TL;DR: すぐに試せる応急処置
急いでいる場合は、タイムアウト制限を引き上げることでサーバーに余裕を持たせることができます。テーマの functions.php または機能プラグインに以下のスニペットを追加し、デフォルトの5秒から30秒に延長してください:
add_filter('http_request_args', function($args, $url) {
$args['timeout'] = 30;
return $args;
}, 10, 2);
これは通常、より深い問題を隠しているだけに過ぎないことに注意してください。エラーは止まりますが、設定ミスのファイアウォールや低速なDNSリゾルバーが修正されるわけではありません。
なぜWordPressでcURL error 28が発生するのか
WordPressは正常に動作するために、自分自身と通信する必要があります。wp-cron.php のようなバックグラウンドタスクの実行や、REST APIエンドポイントの検証には「ループバックリクエスト(Loopback Requests)」を使用します。cURL error 28 が表示される場合、それはWordPressが自身のURLにリクエストを送信し、レスポンスを待ったものの、デフォルトの制限時間である10秒以内に応答がなく、最終的にタイムアウトしたことを意味します。
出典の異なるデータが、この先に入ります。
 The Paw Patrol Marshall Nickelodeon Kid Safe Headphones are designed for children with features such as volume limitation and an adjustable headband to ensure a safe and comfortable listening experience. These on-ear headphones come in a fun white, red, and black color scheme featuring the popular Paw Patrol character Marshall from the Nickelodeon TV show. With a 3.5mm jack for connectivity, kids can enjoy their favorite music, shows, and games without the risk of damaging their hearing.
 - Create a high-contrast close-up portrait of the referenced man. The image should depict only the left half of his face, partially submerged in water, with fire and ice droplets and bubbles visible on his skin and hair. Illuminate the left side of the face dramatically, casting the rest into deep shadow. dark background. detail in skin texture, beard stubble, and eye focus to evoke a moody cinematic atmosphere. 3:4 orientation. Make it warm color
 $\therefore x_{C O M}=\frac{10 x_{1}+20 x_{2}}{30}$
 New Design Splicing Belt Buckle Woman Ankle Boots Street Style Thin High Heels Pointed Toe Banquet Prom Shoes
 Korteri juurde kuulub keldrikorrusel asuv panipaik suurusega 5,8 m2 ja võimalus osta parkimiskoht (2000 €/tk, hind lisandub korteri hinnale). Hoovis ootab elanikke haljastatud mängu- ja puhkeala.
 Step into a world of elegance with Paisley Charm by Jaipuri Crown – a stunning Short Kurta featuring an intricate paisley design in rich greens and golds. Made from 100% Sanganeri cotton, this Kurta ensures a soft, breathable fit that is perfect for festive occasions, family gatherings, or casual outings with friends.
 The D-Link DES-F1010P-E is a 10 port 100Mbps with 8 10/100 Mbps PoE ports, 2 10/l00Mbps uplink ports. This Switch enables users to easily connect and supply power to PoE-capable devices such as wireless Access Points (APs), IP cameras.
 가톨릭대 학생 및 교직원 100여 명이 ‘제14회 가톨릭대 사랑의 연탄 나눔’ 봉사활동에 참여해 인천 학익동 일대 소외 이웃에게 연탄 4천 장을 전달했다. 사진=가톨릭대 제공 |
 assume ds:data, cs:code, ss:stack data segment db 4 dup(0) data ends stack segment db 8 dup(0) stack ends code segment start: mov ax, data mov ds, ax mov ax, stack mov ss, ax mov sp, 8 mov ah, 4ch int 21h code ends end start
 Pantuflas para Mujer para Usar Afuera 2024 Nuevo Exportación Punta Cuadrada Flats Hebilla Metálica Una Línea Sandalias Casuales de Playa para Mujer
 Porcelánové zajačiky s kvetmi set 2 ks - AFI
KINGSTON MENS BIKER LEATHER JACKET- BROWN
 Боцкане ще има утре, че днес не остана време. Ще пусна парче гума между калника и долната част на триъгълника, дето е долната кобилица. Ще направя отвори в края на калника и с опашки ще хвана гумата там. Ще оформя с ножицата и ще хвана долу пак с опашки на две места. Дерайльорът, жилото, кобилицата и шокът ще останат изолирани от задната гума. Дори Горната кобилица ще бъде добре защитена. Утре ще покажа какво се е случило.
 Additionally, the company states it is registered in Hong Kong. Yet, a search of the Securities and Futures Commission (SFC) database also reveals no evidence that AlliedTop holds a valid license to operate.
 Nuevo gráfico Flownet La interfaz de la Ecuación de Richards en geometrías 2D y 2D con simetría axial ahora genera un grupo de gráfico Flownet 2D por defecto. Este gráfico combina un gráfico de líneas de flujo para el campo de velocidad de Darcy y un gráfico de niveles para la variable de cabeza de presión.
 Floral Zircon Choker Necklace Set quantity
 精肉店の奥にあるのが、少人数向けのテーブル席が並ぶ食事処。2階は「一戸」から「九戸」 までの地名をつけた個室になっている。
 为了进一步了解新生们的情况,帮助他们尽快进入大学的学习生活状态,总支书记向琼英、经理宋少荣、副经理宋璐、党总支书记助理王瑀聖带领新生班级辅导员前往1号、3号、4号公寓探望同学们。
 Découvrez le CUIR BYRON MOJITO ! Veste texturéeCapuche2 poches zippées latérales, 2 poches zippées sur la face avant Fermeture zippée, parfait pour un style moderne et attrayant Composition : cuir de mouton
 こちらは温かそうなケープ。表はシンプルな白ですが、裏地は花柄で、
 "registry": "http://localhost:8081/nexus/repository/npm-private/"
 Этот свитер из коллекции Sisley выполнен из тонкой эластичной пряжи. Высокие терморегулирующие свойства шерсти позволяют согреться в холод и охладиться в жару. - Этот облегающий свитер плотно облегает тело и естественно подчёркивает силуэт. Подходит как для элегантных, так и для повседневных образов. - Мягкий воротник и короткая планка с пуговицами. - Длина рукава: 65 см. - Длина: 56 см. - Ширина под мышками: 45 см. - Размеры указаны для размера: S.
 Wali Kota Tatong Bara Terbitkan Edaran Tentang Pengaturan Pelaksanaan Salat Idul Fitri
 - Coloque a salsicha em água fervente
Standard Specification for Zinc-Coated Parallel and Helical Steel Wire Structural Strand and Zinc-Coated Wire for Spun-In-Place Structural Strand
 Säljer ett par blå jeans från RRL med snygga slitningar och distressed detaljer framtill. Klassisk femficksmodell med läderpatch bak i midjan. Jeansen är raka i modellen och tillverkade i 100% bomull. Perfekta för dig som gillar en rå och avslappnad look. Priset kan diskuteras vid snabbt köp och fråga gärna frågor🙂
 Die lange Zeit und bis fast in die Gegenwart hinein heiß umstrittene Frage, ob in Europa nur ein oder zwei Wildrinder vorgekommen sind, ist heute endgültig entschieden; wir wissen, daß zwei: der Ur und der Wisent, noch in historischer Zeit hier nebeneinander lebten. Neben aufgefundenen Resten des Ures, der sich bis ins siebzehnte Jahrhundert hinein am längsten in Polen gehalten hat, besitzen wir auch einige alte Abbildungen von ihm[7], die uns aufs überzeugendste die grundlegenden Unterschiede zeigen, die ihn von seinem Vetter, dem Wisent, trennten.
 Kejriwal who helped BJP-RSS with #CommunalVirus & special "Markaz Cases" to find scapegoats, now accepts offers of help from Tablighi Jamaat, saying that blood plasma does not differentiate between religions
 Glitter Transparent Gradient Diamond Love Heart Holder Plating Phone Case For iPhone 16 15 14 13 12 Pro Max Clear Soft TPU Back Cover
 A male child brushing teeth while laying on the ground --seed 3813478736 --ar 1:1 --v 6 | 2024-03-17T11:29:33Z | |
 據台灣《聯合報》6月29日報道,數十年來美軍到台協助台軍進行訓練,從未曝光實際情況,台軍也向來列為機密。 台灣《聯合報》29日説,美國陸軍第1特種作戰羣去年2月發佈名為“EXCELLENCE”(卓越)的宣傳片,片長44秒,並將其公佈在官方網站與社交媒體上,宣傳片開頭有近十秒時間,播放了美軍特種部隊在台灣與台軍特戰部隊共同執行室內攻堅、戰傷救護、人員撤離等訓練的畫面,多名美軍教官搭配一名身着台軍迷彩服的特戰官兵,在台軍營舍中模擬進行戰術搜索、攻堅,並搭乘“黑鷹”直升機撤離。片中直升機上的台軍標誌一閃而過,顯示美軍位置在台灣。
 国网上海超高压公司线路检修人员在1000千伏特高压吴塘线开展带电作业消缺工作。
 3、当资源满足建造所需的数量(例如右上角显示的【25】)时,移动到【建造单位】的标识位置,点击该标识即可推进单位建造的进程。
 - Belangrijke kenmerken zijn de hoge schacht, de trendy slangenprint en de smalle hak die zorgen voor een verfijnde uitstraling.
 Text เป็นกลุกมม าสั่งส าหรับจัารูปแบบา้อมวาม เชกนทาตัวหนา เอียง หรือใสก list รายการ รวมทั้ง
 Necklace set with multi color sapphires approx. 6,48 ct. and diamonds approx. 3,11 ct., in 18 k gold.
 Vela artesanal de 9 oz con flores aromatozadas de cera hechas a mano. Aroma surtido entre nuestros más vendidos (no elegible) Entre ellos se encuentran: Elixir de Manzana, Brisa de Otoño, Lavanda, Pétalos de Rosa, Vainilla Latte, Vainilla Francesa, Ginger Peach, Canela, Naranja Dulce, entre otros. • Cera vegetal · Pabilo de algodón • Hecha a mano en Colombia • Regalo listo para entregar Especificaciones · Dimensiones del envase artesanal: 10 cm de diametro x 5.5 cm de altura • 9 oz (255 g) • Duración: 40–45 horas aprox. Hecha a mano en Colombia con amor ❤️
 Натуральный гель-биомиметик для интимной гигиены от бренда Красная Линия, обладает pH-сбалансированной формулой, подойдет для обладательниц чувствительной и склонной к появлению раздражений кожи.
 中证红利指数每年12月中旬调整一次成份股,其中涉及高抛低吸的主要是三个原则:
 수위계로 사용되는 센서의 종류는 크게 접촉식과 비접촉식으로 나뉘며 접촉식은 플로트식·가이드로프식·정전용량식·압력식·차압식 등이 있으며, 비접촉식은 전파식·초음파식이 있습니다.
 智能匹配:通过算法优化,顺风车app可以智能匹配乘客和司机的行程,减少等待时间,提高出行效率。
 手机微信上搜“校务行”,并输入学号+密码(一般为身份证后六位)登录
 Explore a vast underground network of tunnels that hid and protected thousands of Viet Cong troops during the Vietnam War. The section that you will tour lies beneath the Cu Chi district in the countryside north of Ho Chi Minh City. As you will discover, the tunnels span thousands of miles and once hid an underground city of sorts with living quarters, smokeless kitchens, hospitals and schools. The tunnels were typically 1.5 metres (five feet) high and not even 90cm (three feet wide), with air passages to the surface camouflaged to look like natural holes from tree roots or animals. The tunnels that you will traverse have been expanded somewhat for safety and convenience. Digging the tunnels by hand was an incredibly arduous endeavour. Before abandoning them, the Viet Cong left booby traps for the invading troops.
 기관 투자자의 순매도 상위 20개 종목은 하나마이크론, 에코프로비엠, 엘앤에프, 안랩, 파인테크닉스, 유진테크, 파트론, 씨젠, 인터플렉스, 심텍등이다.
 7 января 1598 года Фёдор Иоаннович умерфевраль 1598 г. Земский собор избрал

これは単なる見た目上のバグではありません。ループバックの失敗は、予約投稿の公開を妨げ、ブロックエディターの自動保存機能を壊し、さらには一部のWooCommerceの配送連携をクラッシュさせる可能性さえあります。
一般的な根本原因
- **ファイアウォールの過剰なブロック:** UFWやIPTablesなどのツールが、サーバー自身のパブリックIPアドレスへの接続をブロックしている可能性があります。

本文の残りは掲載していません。